Mr Kocis, who pursues photography on his spare day, said he was available to his clients on his day off, if needed.

“But it rarely infringes on that day off so much that it’s not effectively a day off,” he said.

“So I do take calls from clients and if necessary deal with them on that day but it is never an imposition.”

Mr Kocis, who works in superannuation, said he believed he was a “more rounded person” as a result of his part-time work.

“I do feel more fulfilled, if you can put it like that.”

Former Blake Dawson partner Jodi Fullarton-Healey, who worked four days a week before recently taking on a full-time role as deputy general counsel at the ANZ, said she enjoyed hearing about men who worked part-time.

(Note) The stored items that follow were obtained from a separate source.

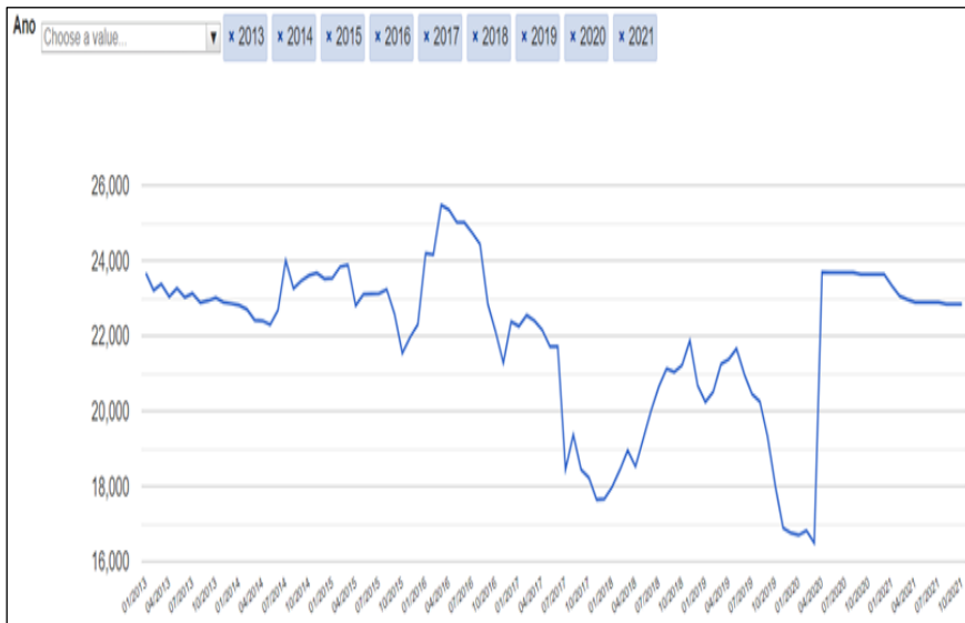
Gráfico 1 – Famílias beneficiadas do Bolsa Família

Após o fenômeno da migração venezuelana, muitos fatos passaram a ocorrer. Sabe-se que no aspecto socioeconômico, por exemplo, houve um impacto nos programas sociais no estado de Roraima que são vinculados à frequência escolar, conforme tabela abaixo da Secretaria Nacional de Renda de Cidadania (SENARC).
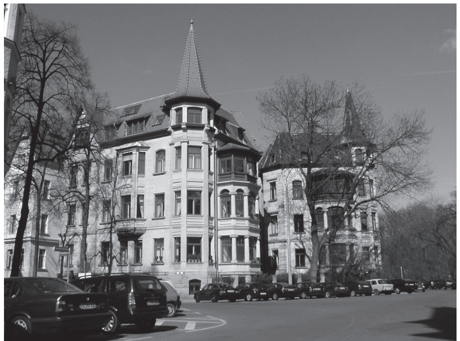
Foto 1: Repräsentative Wohnbebauung im Waldstraßengebiet – Symbol für Wohlstand und Bürgerlichkeit Foto: A. Hill 2004

Die innere Südvorstadt ist der Stadtteil Leipzigs, der von innerstädtischen Wanderungen in den letzten Jahren mit am stärksten profitiert hat (WIEST 2004, S. 264). Hinsichtlich seiner baulichen Strukturen ist das Gebiet sowohl durch äußerst repräsentative Gebäude als auch durch klassische Blockrandbebauung charakterisiert. Von Bedeutung sind die Nähe zu Hochschuleinrichtungen sowie zur städtischen Grünachse und die Tat-
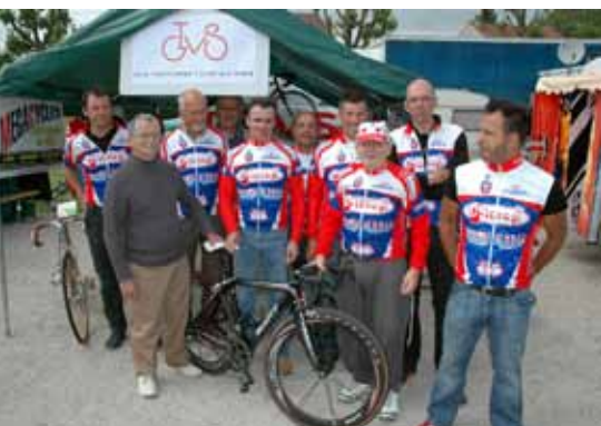
Sur le stand du TGVS, lors de la foire de Guignicourt, le 18 mai 2008.

La participation est directement liée à la météo, incertaine comme cette année. C'est une présence moindre, l'exercice sur un circuit en ville et sur sol mouillé est réservé aux funambules. Le jour de la course, le club et la commune sont sur le pied de guerre. Quelques impondérables de dernière minute, absence d'éclairage rue Mortimer, il faut redéfinir la distance de la

“We actually need more men to do this . . . as soon as men start to do work part-time, other men will see them doing it and they will see that it can work,” she said.

“A lot of guys say to me: ‘I’m really jealous. I wish I could do four days like you’ and I say: ‘Why don’t you? Just do it and give it a go’.

“People seem to think that you should only be able to do it if you have a legitimate reason and the most obvious legitimate reason is childcare responsibilities. I just don’t agree with that.”

Ms Fullarton-Healey, a mother of a five-year-old and three-year-old, was already a partner when she started working part-time after the birth of her first child.

She has managed to work part-time despite being a transaction lawyer, where the hours can be notoriously long.

But Ms Fullarton-Healey said the idea of “part-time” was relative to what a person considered full-time.

She admitted she often worked on her “day off” on Wednesdays – either going into the office or doing some work from home. For this reason, she had a nanny for half a day on Wednesdays “just in case”.

“In many respects I was spreading four long days over five not so long days,” she said.

Ms Fullarton-Healey said she was happy with the balance she had achieved, managing to work 8.30am to 6pm on her work days about 80 per cent of the time.

But there were times when she had to work 6 am to midnight.

LIV Part-time Lawyers Network chair Meg Clancy said the Gender Trap report reinforced in her the fact that flexible work issues were linked with the culture of long hours in the law.

“Full-time is a fluid concept and people are working such ridiculous hours as a de rigueur thing that working to a fixed amount of time is seen in a negative light,” she said.

The 29-year-old Gadens lawyer works three of her five days to 2pm and uses those afternoons to pursue writing.

Ms Clancy said the success of part-time arrangements generally depended on the individual lawyer and the rapport they had with their direct superiors, rather than firms taking an across-the-board approach.

Overall, the Gender Trap report says equality for women lawyers is “more elusive than ever” and it dismisses the argument that it is “just a matter of time” before women are equally represented in the legal profession

But it does offer some hope, saying different attitudes held by Generations X and Y could deliver generational change. Generations X and Y were less obsessed with work than baby boomers. They did not expect to remain with the same employer indefinitely, they found overly specialised legal work monotonous and repetitive, and were aware of the high levels of dissatisfaction in the legal profession that had given rise to stress and depression, the report said.

“The ‘pot of gold at the end of the rainbow’ – a million dollar-plus partnership within an elite corporate firm – did not compensate for giving up on a life,” the report said.

Ms Melis said that in her discussions with Melbourne law students, it was clear that they were “acutely aware” of the long hours culture and strict billing practices of corporate lawyers and that “this is not an environment they want to be entering”.

Mr Kocis agreed: “I do sense in Generation Y – certainly in relation to the articled clerks I was supervising – there is among them a belief that they won’t be working those sorts of hours and that they will be pursuing other things at some point in their lives reasonably early on, whether that be some sort of part-time arrangement or doing something else altogether.”

Ms Clancy also believed the upcoming generation had different expectations: “A lot of my colleagues, and people a few years younger, definitely see flexible work as a priority.”